The accuracy on the test set is 82,69%, which is quite good, but can definitely be improved with some more tweaking of the hyperparameters. There are some obvious mistakes that the model makes. The first is the fact that it has difficulties with distinguishing between a right (HFR) and left hit (HFL) for the far player. Presumably, this has to do with the low resolution that this model takes, as for the near player this does not happen. By using a more refined Movinet model variant such as a4 or a5, this problem will likely be resolved. Secondly, it has difficulties with distinguishing between faulty and correct serves, most likely because faulty serves are underrepresented in the data set. This model is already using class weights and seemingly this does not improve the result by a large margin. The only solution that I see here is to gather more labeled data.
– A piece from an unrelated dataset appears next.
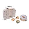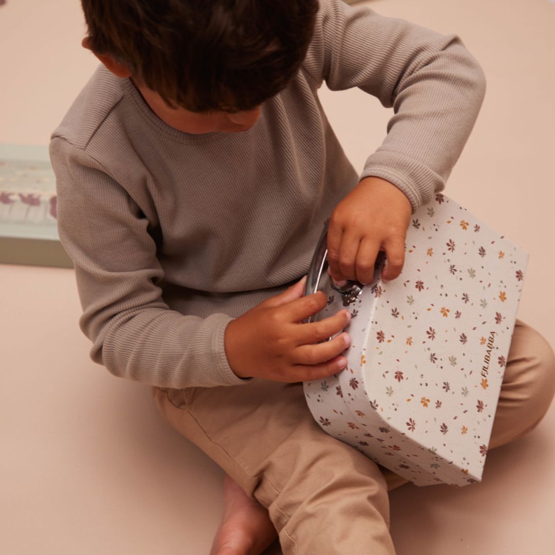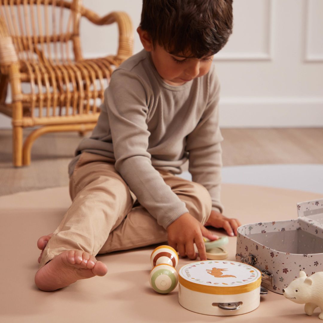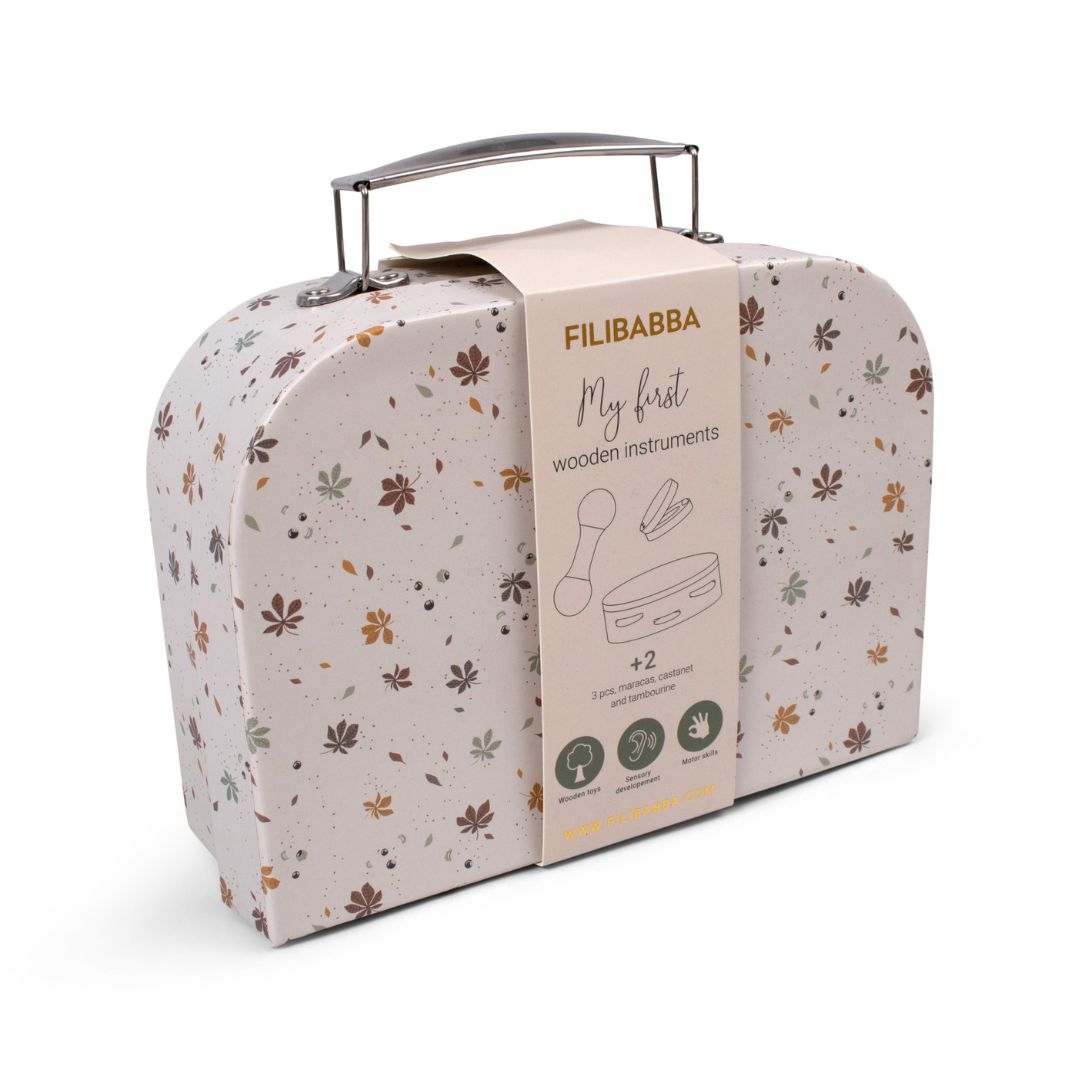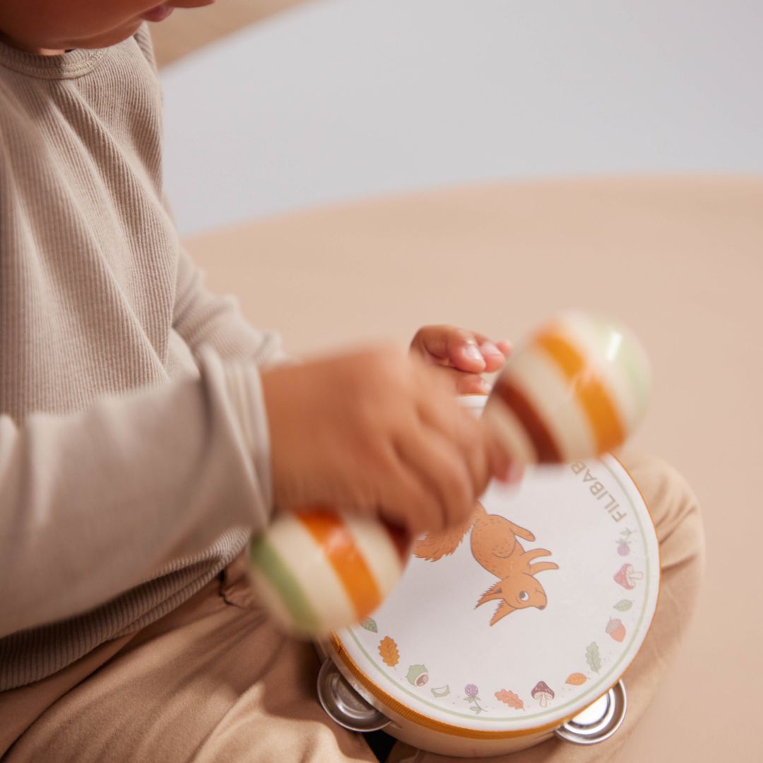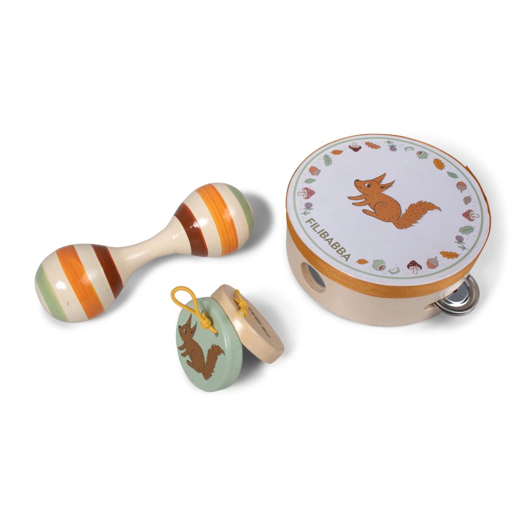 Nu kör vi! Med den här söta leksaksresväskan med instrument kan ditt barn utforska ljud och rytmer och samtidigt utveckla finmotoriken. Resväskan innehåller tre instrument: kastanjett, maracas och tamburin. Alla instrument är tillverkade av antingen poppel eller bokträ och är dekorerade med de sötaste illustrationerna av ekorrar och element från naturen. Själva resväskan är dekorerad med det söta trycket Kastanjer med färgglada löv. Med denna praktiska resväska kan setet enkelt tas med på resan och kan snabbt rensas snyggt ur vägen när konserten är över. Hela setet är noggrant testat och godkänt enligt den europeiska säkerhetsstandarden för leksaker.
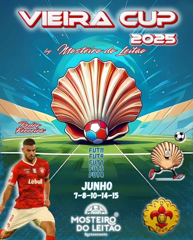 𝐕𝐢𝐞𝐢𝐫𝐚𝐂𝐮𝐩 𝟐𝟎𝟐𝟓 irá realizar-se nos dias 7-8-10-14-15 de Junho, no Estádio Albano Tomé Feteira, na Vieira de Leiria, contando com Pedro Ferreira (jogador formado no ID Vieirense, atualmente a jogar no Santa Clara) como padrinho deste Torneio, que já se encontra esgotado.

The Movinet model was also tested on unclipped videos by passing the unclipped video frame by frame through the Movinet model while updating the state. Unfortunately the results are not great. It can distinguish whether a rally is happening at the moment, but the precise action classification is mostly off. Only on rare occasions is it able to produce some accurate labels. This makes it clear that the Movinet stream model in its original form can not yet be used on unclipped videos. This is as to be expected as the paper also only discusses the results on clipped videos.
If I were to have a good action proposal generator, this Movinet model becomes useful as it can quite accurately classify clips of actions within a very reasonable timeframe. This would make real time labeling achievable and in the worst case I can still rely on a small buffer so that the action proposal generator can more easily define the start and end points of actions.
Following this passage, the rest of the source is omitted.